# Ariston artxl 89



## Solcito89 (Ene 5, 2015)

Hola Amigos! Cómo están? Espero que me puedan dar una mano para poder dilucidar y solucionar lo que le pasa a mi lavarropas ARISTON ARTXL 89.
El aparato enciende, toco play para comenzar el lavado pero no pasa nada. Probé "reiniciándolo" con el botón de encendido pero sigue sucediendo lo mismo. Para probar que no sea el problema de carga de agua me fijé si arrancaba directamente desde otra parte del proceso de lavado como el centrifugado, pero sigue sin responder. 
¿Cómo lo puedo resolver?

Muchas gracias por su ayuda!!!! El service me quiere cobrar $2000 y la verdad no los puedo pagar de ninguna manera!!! ...


----------



## DOSMETROS (Ene 5, 2015)

Si el cierrapuertas anda mal , no arranca.
Si se quemó la bomba de agua , no arranca.

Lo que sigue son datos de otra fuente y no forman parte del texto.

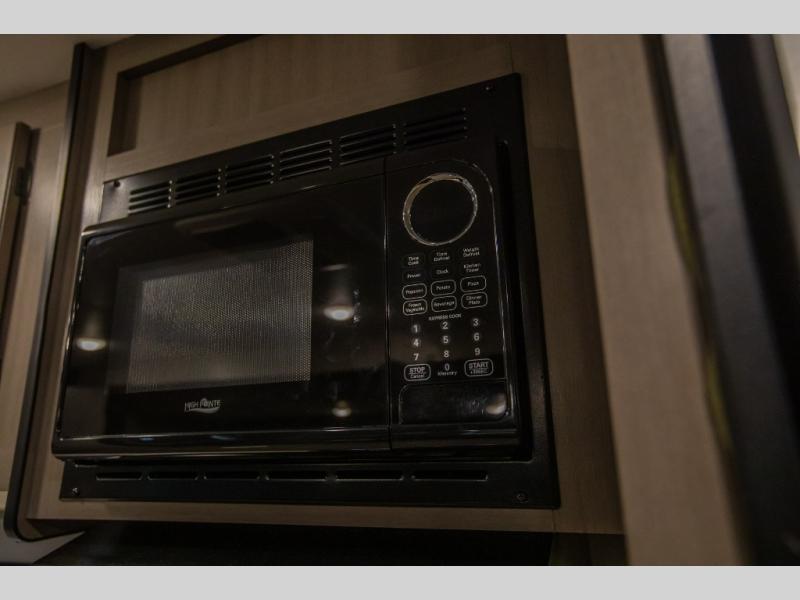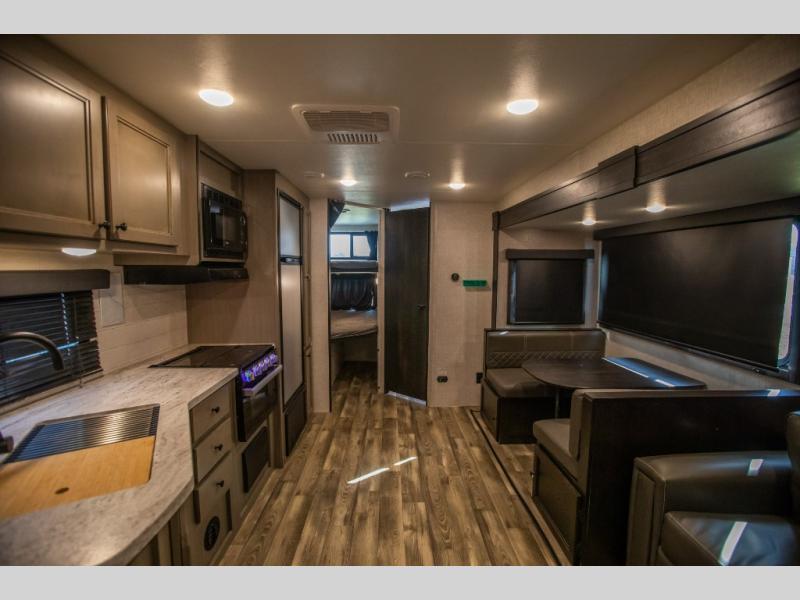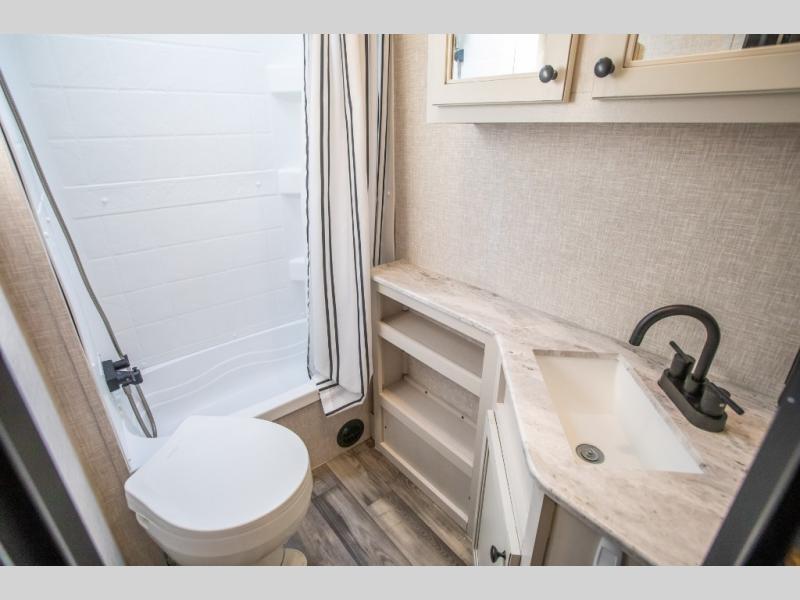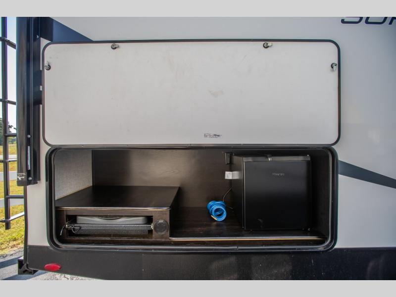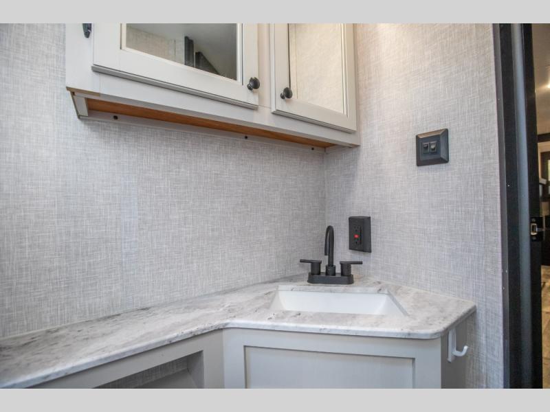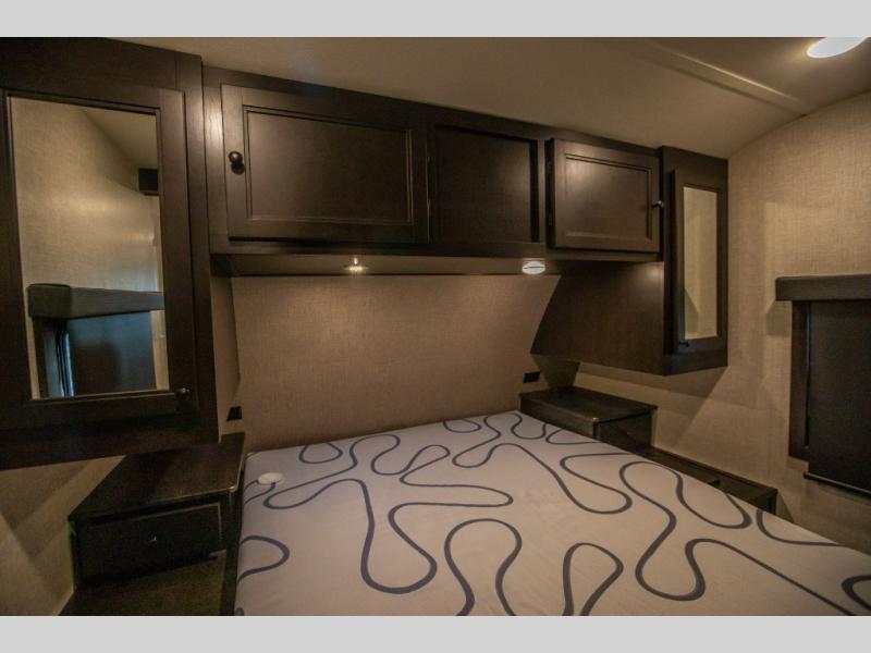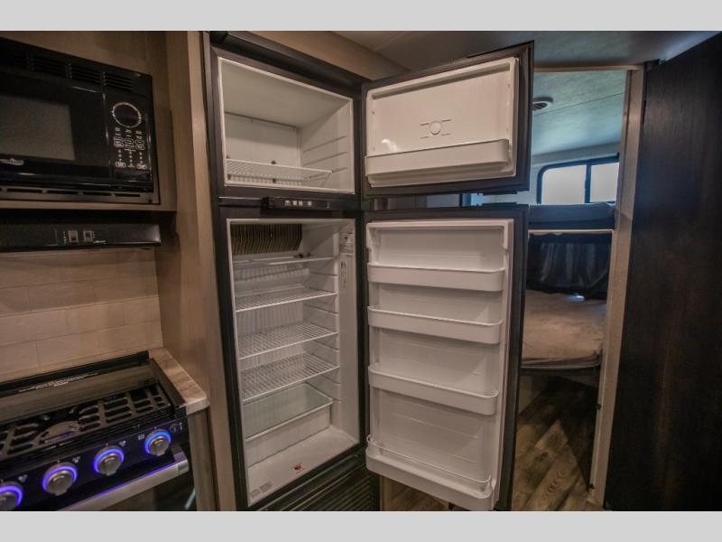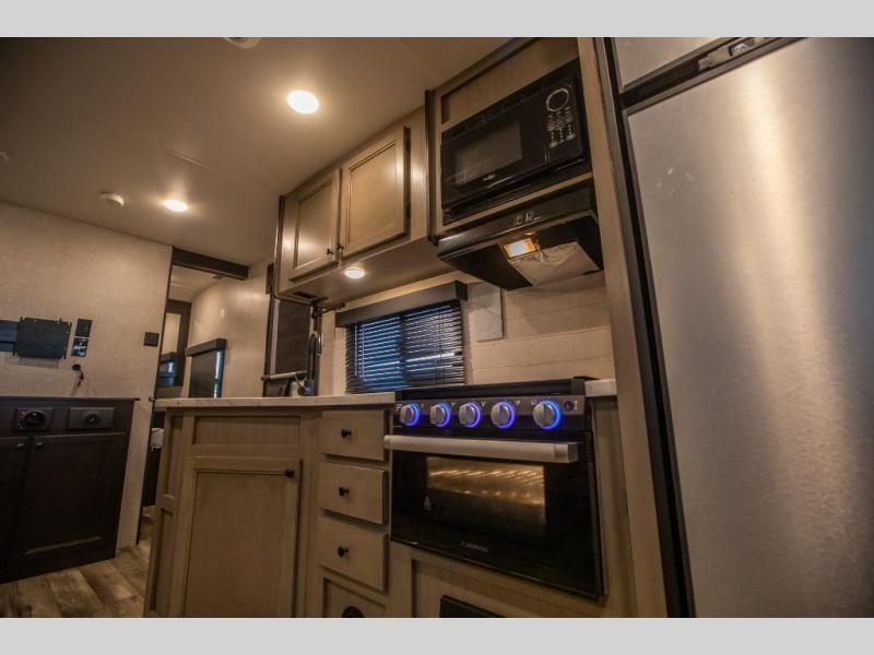 You will love the amount of storage space you'll find inside and outside this travel trailer. There is plenty of sleeping for a larger group also between the slide out in the main area with a dinette and tri-fold sofa, the double-size bunks next to the rear corner full bathroom, and the queen bed in the front bedroom with access to each side with its own sliding door. The cook will have full amenities including a pantry for storage, a single basin stainless steel under-mount kitchen sink with a residential high-rise faucet and overhead cabinets for more items. And they can cook on the outside kitchen with an exterior fridge for more beverages while others relax under the 20' 6" power awning with LED lighting so everyone can stay up late and enjoy the outdoors.

Así que verificalos a tester.

Bienvenido !


----------



## Nikola 1 (Ene 6, 2015)

solcito89, como te indica dosmetros, efectivamente serian esas dos fallas, otra a causa de esto es que se quemen los triac de la placa. Pero si no sabes electronica, no te recomiendo que lo desarmes.


----------



## JuanchoM (Ago 4, 2020)

Buenas noches , Tengo el mismo modelo de lava ropas, y el mio enciende pero las luces de funciones y la de start/pausa quedan titilando en amarillo. La de la apertura de puerta queda encendida constantemente y la puerta bloqueada. Reemplace el cierre de puerta, y encontré quemados en la placa los componentes Q1 y RV3, los reemplace y sigue haciendo lo mismo. Alguien tiene idea de que puede estar sucediendo. Desde ya gracias por la ayuda que me puedan proporcionar.
Saludos


----------